When I contacted Rapleaf, they said the company has built a database by crawling the web, looking for connections and building profiles based on their own technology. “Like Google, we crawl publicly available data on the web – as long as robots.txt allows search engines like us to crawl (we stop crawling if people disallow search engines),” CEO Auren Hoffman emailed. He added:

Rapleaf is working hard to protect consumers. We are a data company that, like 99 percent of data companies, is opt-out (rather than opt-in). But we are a white-hat data company who helps companies safely provide a more personalized experience to their customers. We try really hard to protect consumers (see) – we’ve thought a lot about consumer protection and are proud of everything we are doing. However, we are open to ideas on how we can improve and I encourage your readers to email me at [email protected] with ideas on how we can improve and better protect consumers. While we cannot commit to implementing any idea from your readers, we can commit that we will consider all thought-out suggestions.

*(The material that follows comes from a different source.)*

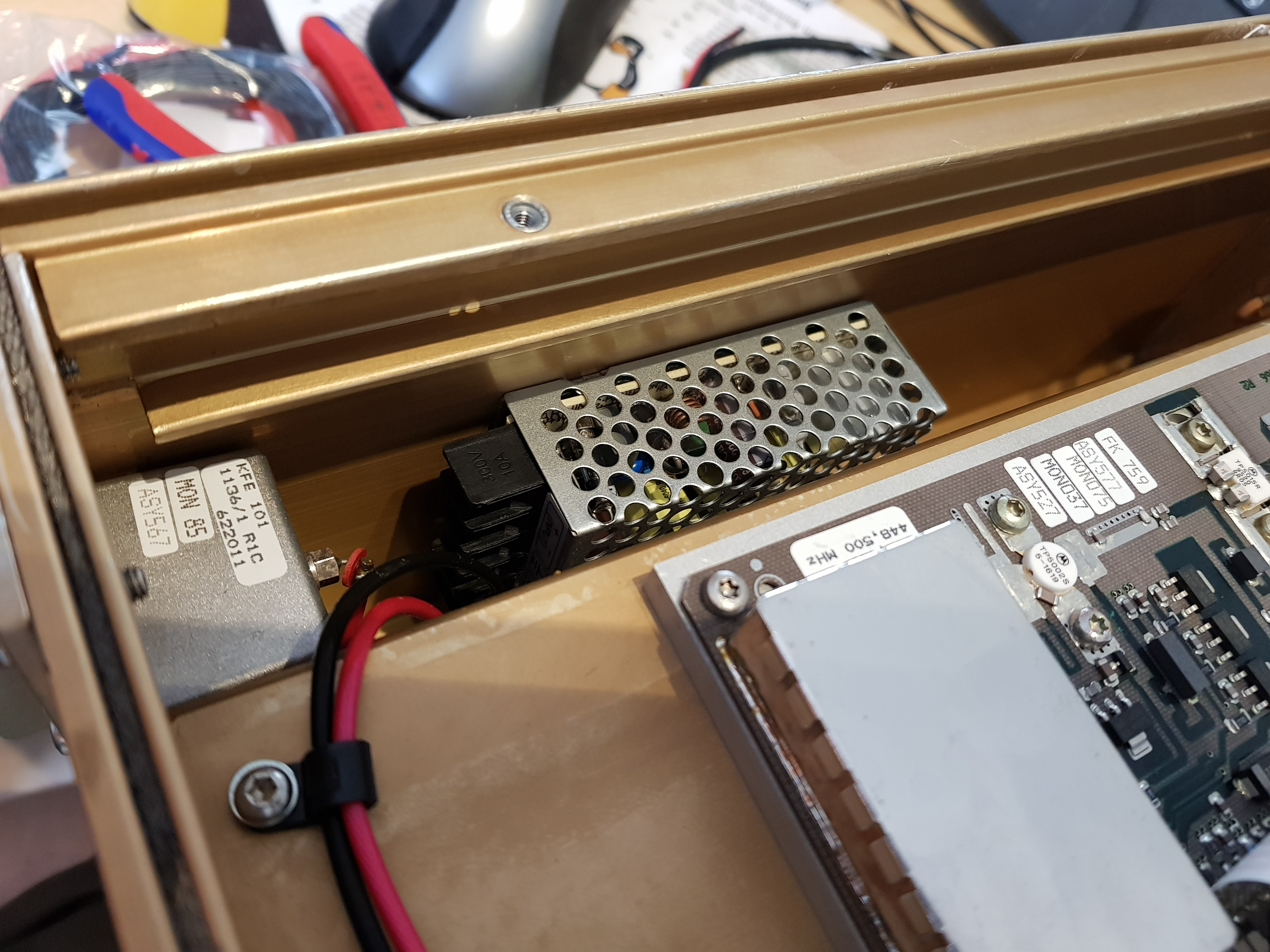There is an internal 5v0 rail but it is unsure if that can supply continous current for running the Raspberry Pi. One solution is to use a DC/DC converter powered by the 24V input. A Mean Well SD-15B-05 is a good choice. The case fits exactly into the small slot aside from the exciter unit. You just have arrange some wires to the backplane of the Base Station Controller board. There are some free pins that can also be used for the ethernet connection of the Raspberry Pi. It can be mounted with two 3mm screws to the side of the case. That should also allow for some heat dissipation.

The company argues what it does is no different from various ad networks, and that its policies are more consumer-friendly. You can opt out of Rapleaf by visiting this location, Hoffman said. Nevertheless, Rapleaf’s services are clearly much in demand, based on this response from CEO Hoffman:

Today we help hundreds of top retailers, hotels, advertising agencies, large brands, tech startups, educational organizations, and nonprofits personalize their customers’ experiences. (We sign NDAs with our customers so we cannot release their names.)

Think of Rapleaf as the provider of the FICO score about an email address. That email address comes with Facebook ID, Flickr ID (s yhoo), Twitter account information and other social details. For a marketer, or even someone trying to hit you up for business, this is pretty relevant data, for it allows them to target a customer and connect them socially. In another scenario, you can buy an email list of a million addresses for $1000, check them against Rapleaf and end up with about 10,000 emails worth targeting. That’s a pretty good deal.

A Good Email ID Is Worth Money

In order for Rapleaf to be successful, it needs to keep growing its database of good email addresses, which is why it’s giving startups like Facebook game and social CRM companies liberal access to its APIs. When a social CRM company, such as Rapportive, plugs into your Gmail (s goog) account, it confirms to Rapleaf that your email address is valid. Since the social CRMs create profiles of the people who email you, the services confirm to Rapleaf that your friends’ addresses are valid, too. Technically, no data is exchanged, but the sheer quantity of look-ups is enough to beef up Rapleaf’s database.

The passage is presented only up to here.